Fig 13 illustrates several qualitative comparisons that further highlight the advantages of WaveMamba-YOLO in localizing defects under challenging conditions. In the first row, WaveMamba-YOLO successfully detects two adjacent class-4 defects with high confidence scores (0.67 and 0.54), whereas YOLOv11n produces only a single low-confidence box (0.62), missing a portion of the defect region. In the second row, both models identify class-3 defects, but WaveMamba-YOLO yields tighter, less redundant bounding boxes. In the third example, WaveMamba-YOLO accurately detects three class-1 defects with stable predictions, while YOLOv11n struggles with duplicate or misaligned outputs. Notably, in the final case, YOLOv11n fails to detect the class-2 defect entirely, whereas WaveMamba-YOLO provides a precise detection with a confidence score of 0.51, underscoring its superior sensitivity to subtle or edge-localized anomalies. These results demonstrate the strong detection capability and generalization performance of WaveMamba-YOLO across varied defect types, including small-scale pits, elongated cracks, and large-area inclusions. The improvements can be attributed to the synergistic design of the CHDWT module for frequency-preserving downsampling, the GLaM module for direction-aware long-range dependency modeling, and the LWGA module for scale-specific attention refinement. Together, these innovations enable WaveMamba-YOLO to deliver high-accuracy, high-efficiency surface defect detection, making it well-suited for real-time quality inspection in industrial production lines.
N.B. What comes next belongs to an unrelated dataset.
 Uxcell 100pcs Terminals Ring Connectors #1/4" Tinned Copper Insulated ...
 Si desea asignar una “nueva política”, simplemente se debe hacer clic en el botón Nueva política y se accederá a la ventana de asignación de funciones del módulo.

Performance evaluation on NEU-DET and GC10-DET steel surface defect benchmarks
To further assess the generalization capability and robustness of the proposed WaveMamba-YOLO, comparative experiments were conducted on two widely used industrial defect benchmarks, namely NEU-DET and GC10-DET. The NEU-DET dataset consists of six representative steel surface defect categories, including cracking, inclusion, patches, pitted surface, rolling scale, and scratches, which primarily reflect common texture degradations under relatively controlled acquisition conditions. In contrast, the GC10-DET dataset is a practical industrial benchmark collected from real steel sheet production lines, comprising 3570 grayscale images across ten defect categories, such as low-contrast water spots, oil stains, silk spots, and waist folds. Due to its realistic imaging environment, severe class imbalance, and diverse defect morphologies—many of which exhibit small spatial extent or irregular structures—GC10-DET poses substantially greater challenges to feature discrimination, scale adaptability, and model robustness. As such, it serves as an effective testbed for evaluating model generalization on rare and complex defect patterns.
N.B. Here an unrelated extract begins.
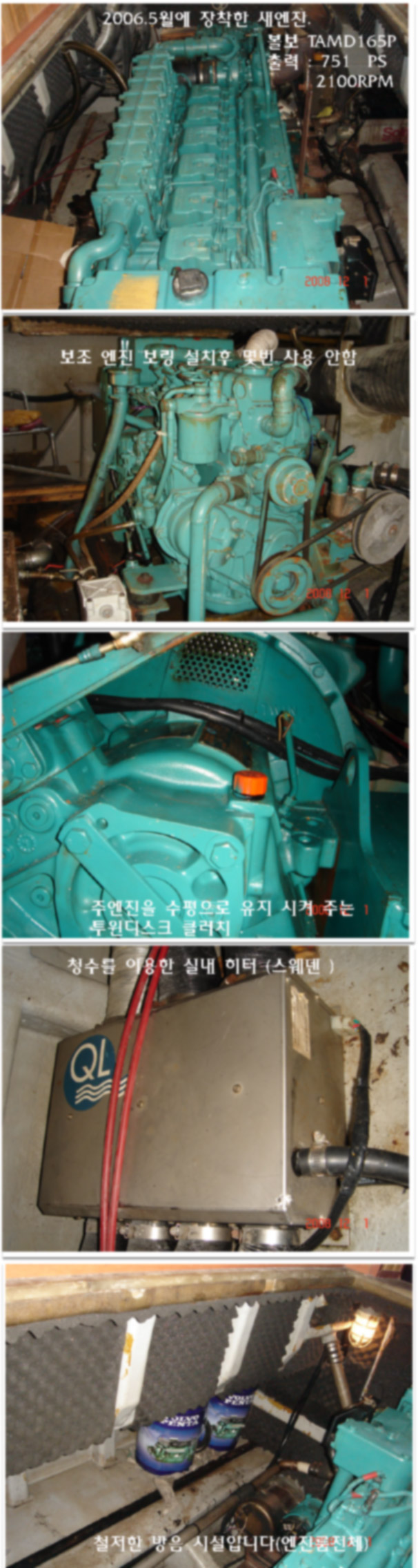 보조엔진과 발전기 21KW 에 1.5KW 수은등 6개 1KW 백열등 6개 시설되어 있습니다.
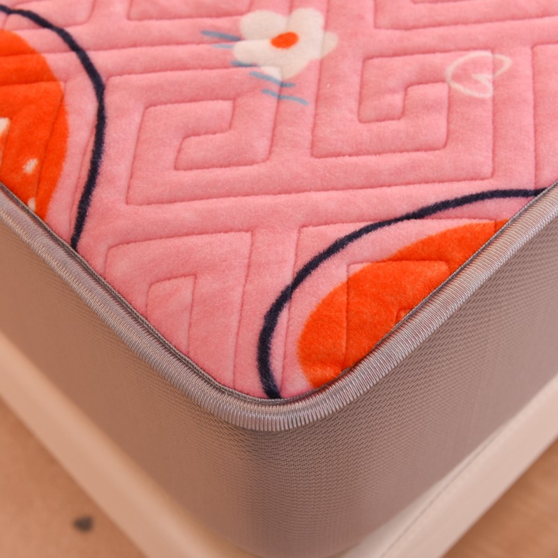 商品名称:甜之梦 2025新款牛奶绒印花夹棉花边系列单品床笠 粉红草莓

For a fair comparison, all competing detectors were trained and evaluated under identical experimental settings, with the input resolution fixed at . As summarized in Table 5, WaveMamba-YOLO achieves the best overall detection performance on both datasets. On NEU-DET, it attains the highest mAP@0.5 of 77.70%, surpassing YOLOv11n, YOLOv12n, YOLOv8n, and YOLOv5n, while significantly outperforming transformer-based RT-DETR variants by a large margin.
More importantly, a consistent performance advantage is observed on the more challenging GC10-DET benchmark. WaveMamba-YOLO reaches 63.80% mAP@0.5 and 30.60% mAP@0.5:0.95, outperforming all lightweight YOLO baselines. Given the presence of numerous rare defect classes with small-scale or irregular morphological characteristics in GC10-DET, these results indicate enhanced robustness to class imbalance and improved multi-scale adaptability.
vIn addition, WaveMamba-YOLO maintains superior recall across both datasets, suggesting more stable defect localization and fewer missed detections under complex industrial conditions. Despite these performance gains, the proposed model preserves a lightweight architecture with only 3.5M parameters and 7.0 GFLOPs, remaining comparable to mainstream lightweight YOLO models while being substantially more efficient than RT-DETR variants. Overall, these results demonstrate that WaveMamba-YOLO achieves a favorable balance between accuracy, robustness, and computational efficiency, supporting its suitability for real-world industrial inspection scenarios.
Fig 14 further provides qualitative comparisons between YOLOv11n and WaveMamba-YOLO in representative samples. WaveMamba-YOLO shows clear advantages in accurately localizing small-scale defects (e.g., inclusions and scratches) and providing tighter bounding boxes with higher confidence scores. For example, in the first case, YOLOv11n fails to detect a crazing defect, while WaveMamba-YOLO successfully identifies it with a confidence of 0.72. Similarly, for inclusions and pitted surface defects, WaveMamba-YOLO produces more complete and stable detections, while YOLOv11n outputs redundant or misaligned boxes. These improvements highlight the contributions of the CHDWT, GLaM, and LWGA modules in enhancing the representation of features across scales and defect categories.
Overall, the results on NEU-DET confirm that WaveMamba-YOLO not only performs well on large-scale benchmarks such as the Severstal dataset but also generalizes effectively to smaller yet challenging industrial datasets. This robustness underscores its potential for practical deployment in real-world steel surface quality inspection.
Conclusion
In this work, we presented WaveMamba-YOLO, a novel real-time detection architecture tailored for steel surface inspection. By incorporating three complementary modules—CHDWT for frequency-preserving downsampling, GLaM for direction-aware global-local context modeling, and LWGA for scale-adaptive attention refinement—the model achieves significant gains in precision, recall, and robustness. On the Severstal dataset, WaveMamba-YOLO attained 51.70% mAP@0.5 with only 3.2M parameters, outperforming state-of-the-art baselines while maintaining lightweight efficiency. Additional experiments on NEU-DET further validated its generalization capability across diverse defect types and scales.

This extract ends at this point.